--- Entries supplied ---
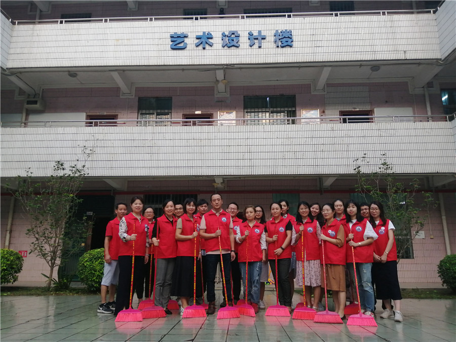 10月24日下午,艺术设计学院教工党支部在艺术楼广场开展主题为“党员奉献展风采,义务劳动树旗帜”的清洁艺术楼志愿服务活动。艺术设计学院党总支书记欧莹和全体教工党员积极踊跃地参与到该次活动中。
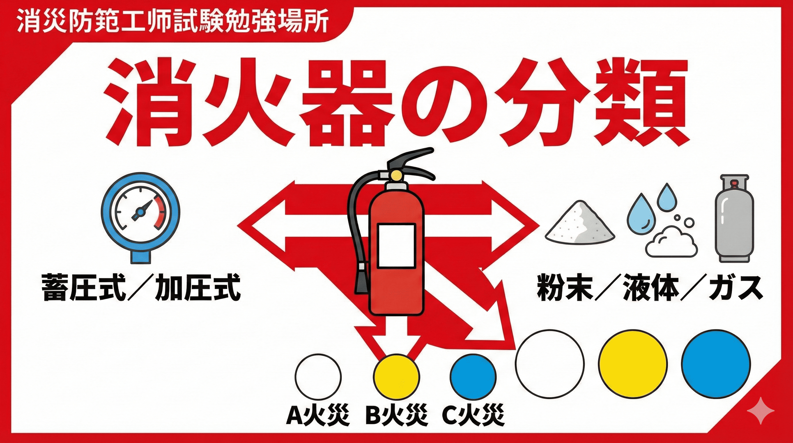 このうち"消す・水"系が第1種(①④⑤)、"知らせる・逃げる"系が第2種(②③)と考えると整理しやすいです。
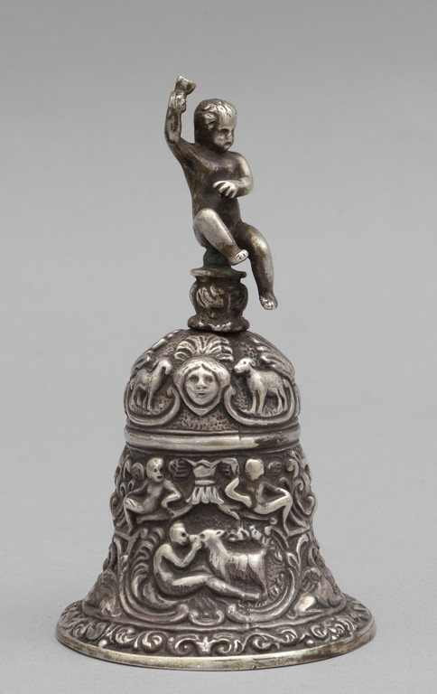Campanello in argento di finemente sbalzato con presa a forma di putto, Roma sec.XVIII
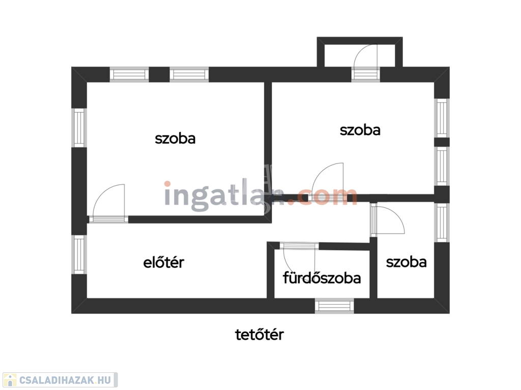 - 2 szoba, egy félszoba, és egy fürdőszoba mosdóval.
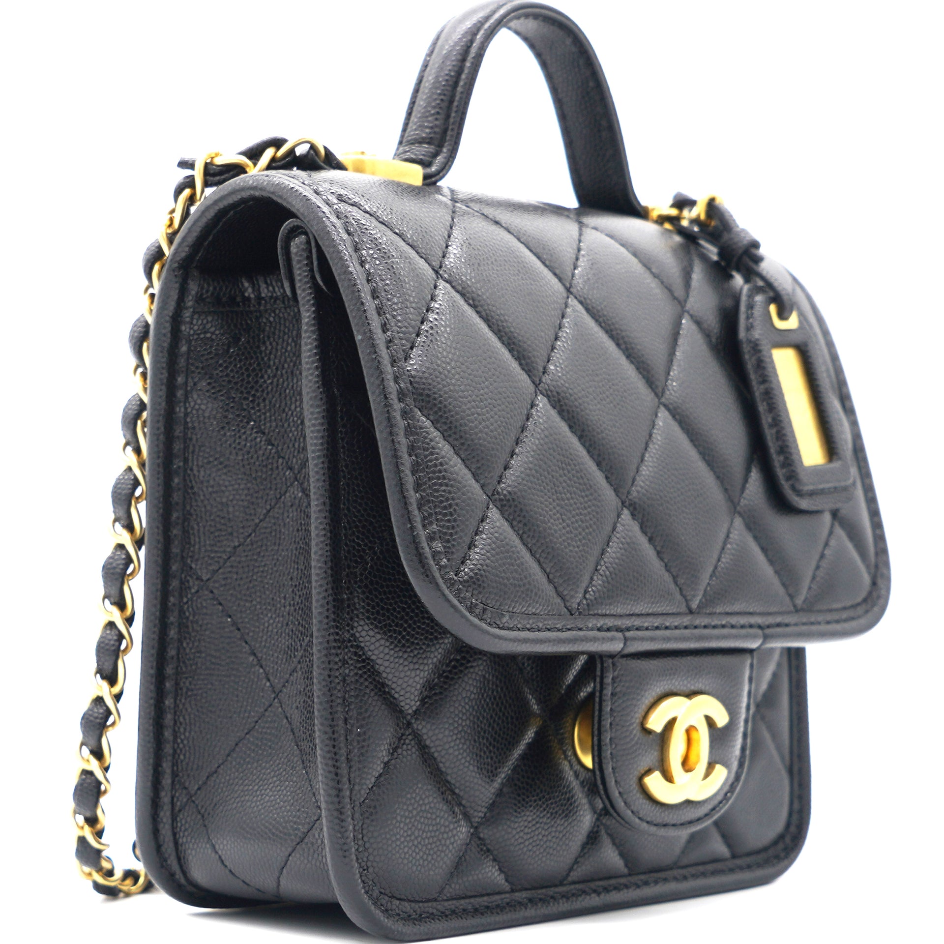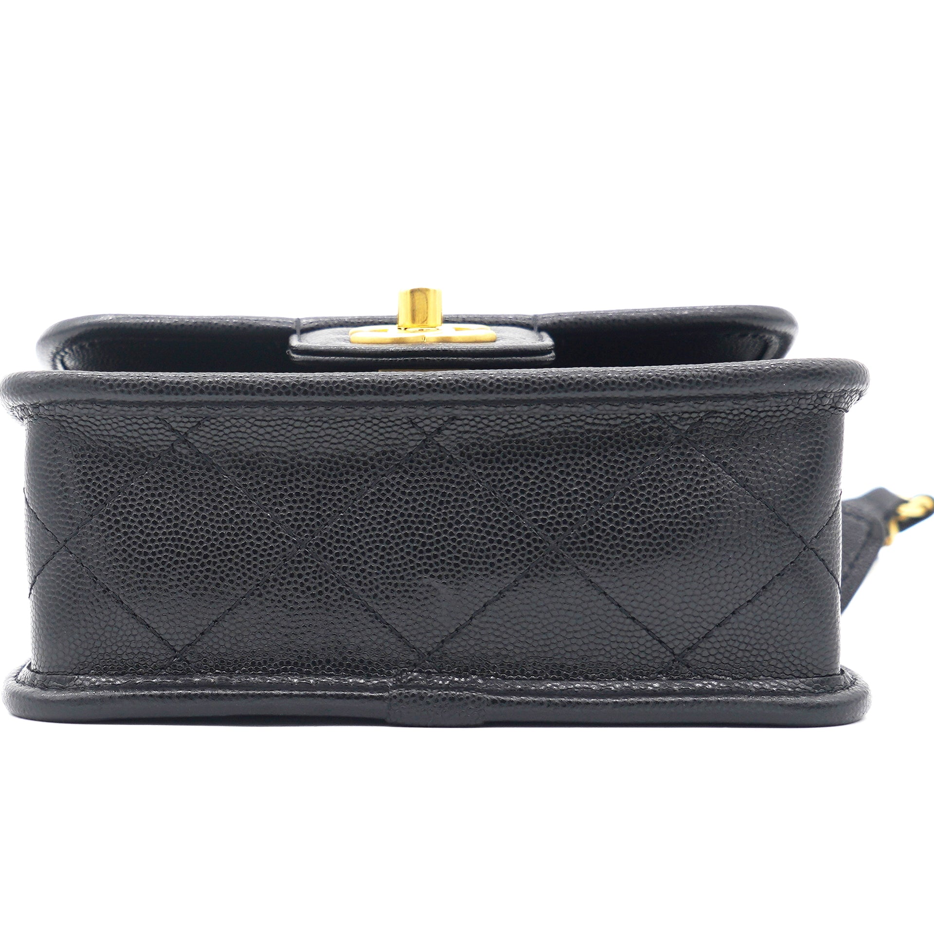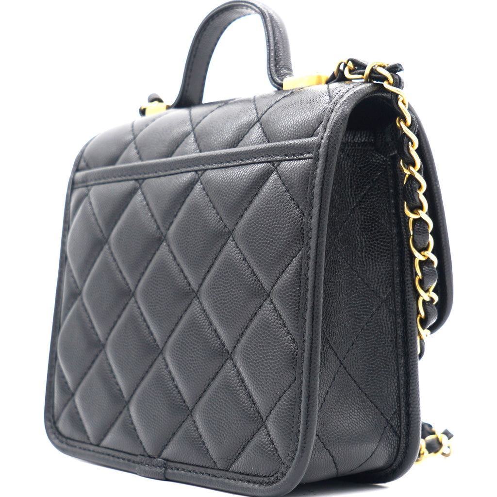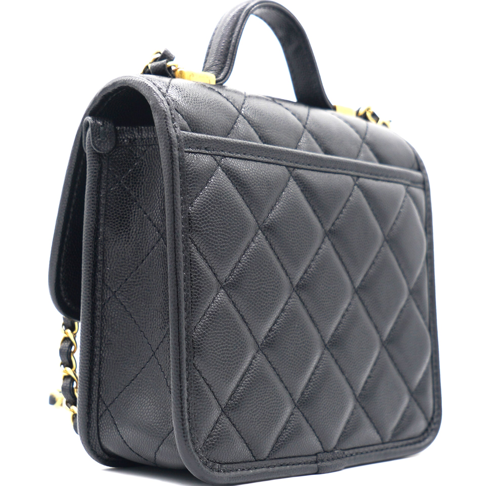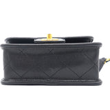 | This stylish crossbody is crafted of luxurious quilted caviar leather in black. The bag features a leather top handle, leather threaded gold chain-link shoulder strap, and gold hardware. |
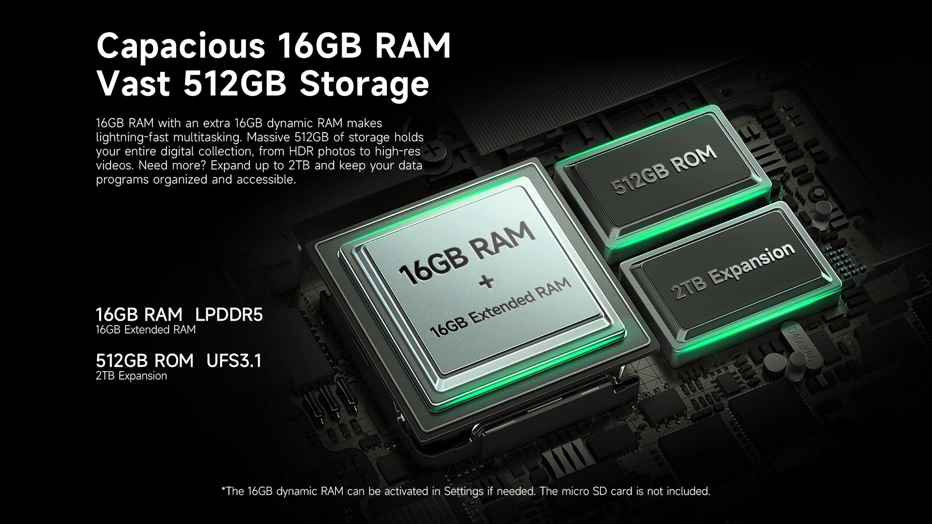 Megabatería de 25500 mAhPantalla trasera de 3,4" | Infinite Halo 2.0 | Altavoz de 118 dB | Hasta 32 GB + 512 GB de ROM (32 GB de RAM = 16 GB + 16 GB) |
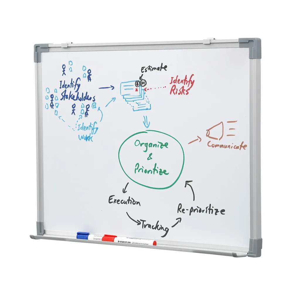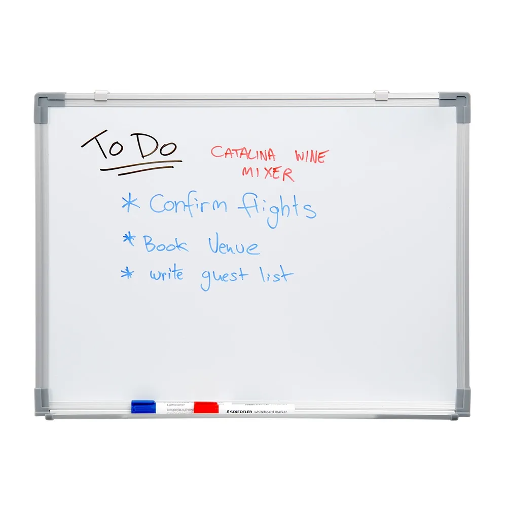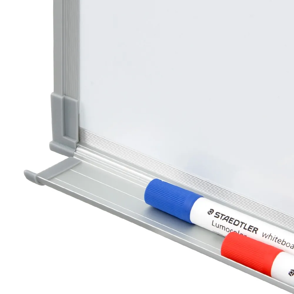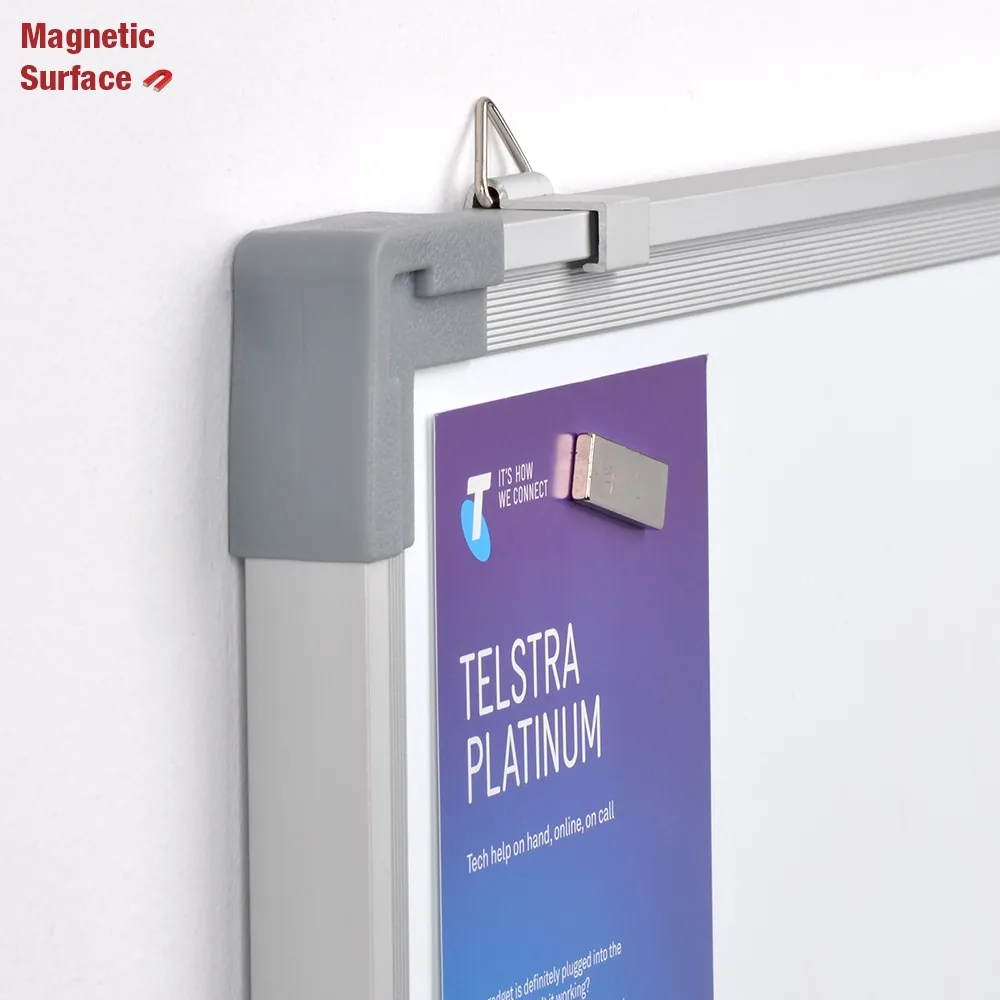 This dry erase board or small whiteboard features an aluminium frame with moulded plastic safety corners, integrated marker tray and sliding eyelets that allow some flexibility when mounting your white board to the wall.
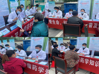 一大早,支部的党员们就抵达现场,拉横幅、搬桌椅,搭建用药咨询台,摆放合理用药宣传手册,为义诊活动做准备。前来咨询的群众络绎不绝,各位党员以饱满的热情,耐心地解答群众提出的各种用药问题,如肿瘤药物服用的注意事项、药物不良反应的预防及处理措施等知识。从专业角度出发,结合生活实际,细致地介绍了肿瘤药物与饮食之间的相互作用等方面知识,对患有高血糖、高血脂、高血压等慢性疾病的患者服药问题提出了建议和相应的解答,获得群众的热烈欢迎和一致认可。随后,党员们积极派发精心准备的《肠道肿瘤药物化疗宣传手册》《癌痛药物治疗的注意事项》等合理用药手册。
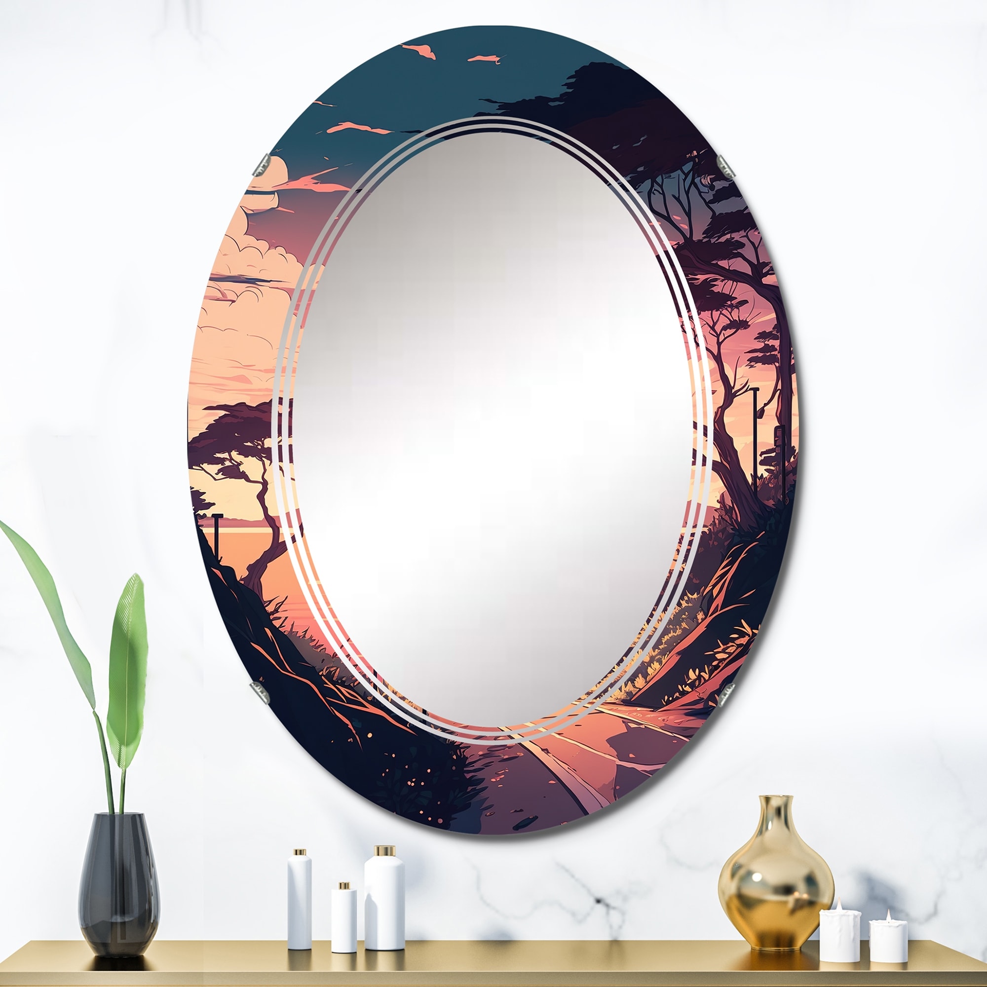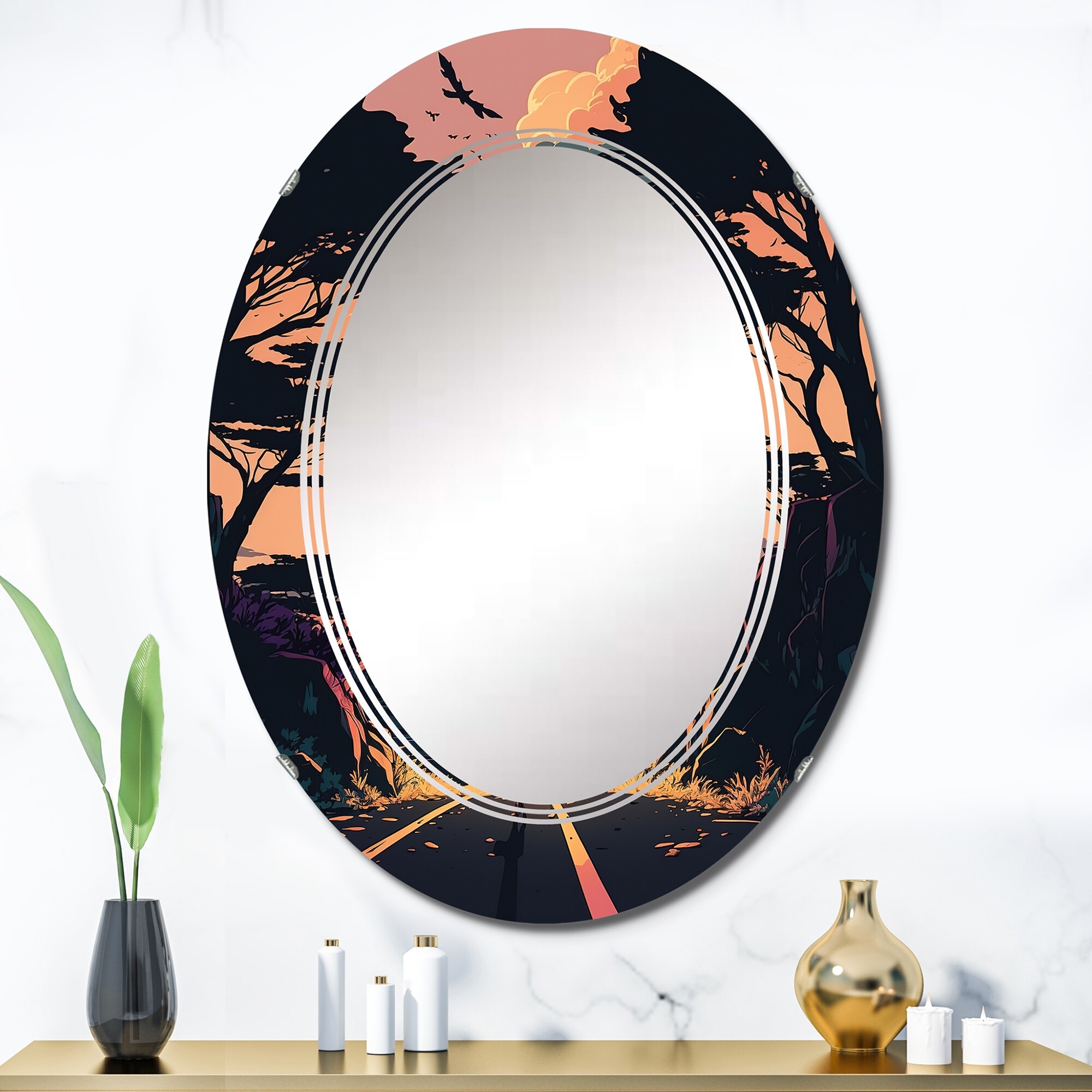 Designart 'Road To the Sunset I' Printed Modern Landscape Beach Wall Mirror
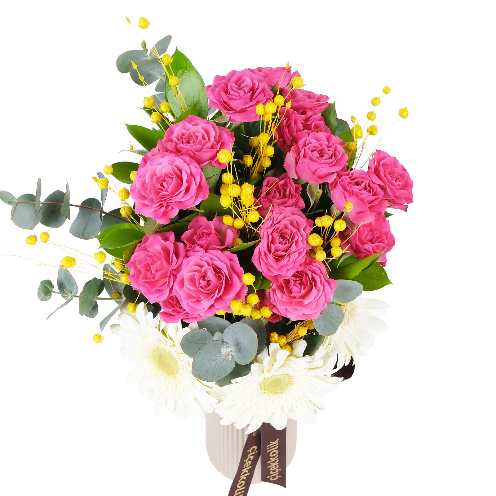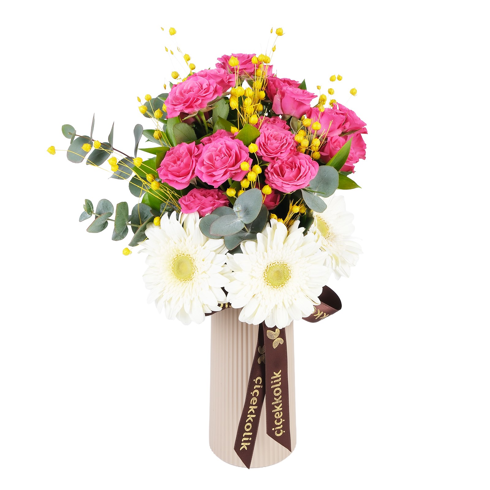 Pembe güllerin romantizmi Dazzling Pembe Çardak Güller, aşkın en tutkulu halini yansıtıyor. Bej polimer vazoda tasarım sofistike kontrastı, çarpıcı bir görsel sunarken okaliptus yaprakları ve kuru çiçekleriyle eşsiz bir dokunuş kazanılmıştır.
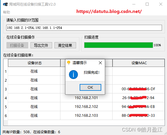 局域网在线设备扫描工具V2.0,采用一机一码,需要的话根据联系方式联系作者获取正版注册秘钥。
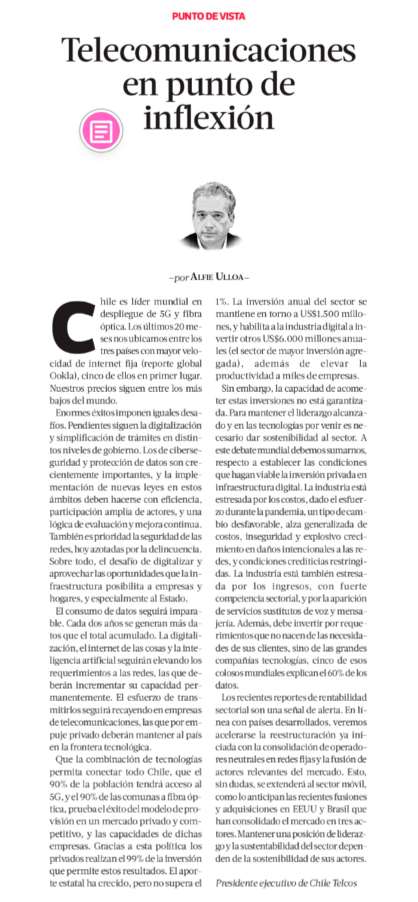 PULSO – Chile es líder mundial en despliegue de 5G y fibra óptica. Enormes éxitos imponen iguales desafíos.
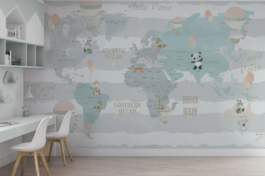 Este adorável mural de parede “Hot Air Balloon in the Sky” levará a imaginação do seu filho para uma aventura mágica. Imagine um mapa-mundo, lindamente suave e em tons pastel, coberto com as criaturas mais bonitas em balões de ar quente – há até um panda brincalhão e uma girafa curiosa! É como um safari global mesmo na parede. Perfeito para um quarto de criança ou para um quarto de criança brincalhão, este mural incentiva a admiração pelo mundo grande e vasto. É garantido que inspirará histórias para adormecer sobre voar sobre os oceanos cintilantes e aterrar em terras distantes. Ideal para os pequenos exploradores – os pais também podem dar por si a sonhar acordados. É acolhedor, caprichoso e cheio de charme – exatamente o que o espaço de cada criança precisa!
---
**Task details**
Range to copy from the records above: the line containing "Pembe güllerin romantizmi" to the line containing "PULSO – Chile", both included. Output those lines exactly and only those, skipping pictures.

**The answer**
 Pembe güllerin romantizmi Dazzling Pembe Çardak Güller, aşkın en tutkulu halini yansıtıyor. Bej polimer vazoda tasarım sofistike kontrastı, çarpıcı bir görsel sunarken okaliptus yaprakları ve kuru çiçekleriyle eşsiz bir dokunuş kazanılmıştır.
 局域网在线设备扫描工具V2.0,采用一机一码,需要的话根据联系方式联系作者获取正版注册秘钥。
 PULSO – Chile es líder mundial en despliegue de 5G y fibra óptica. Enormes éxitos imponen iguales desafíos.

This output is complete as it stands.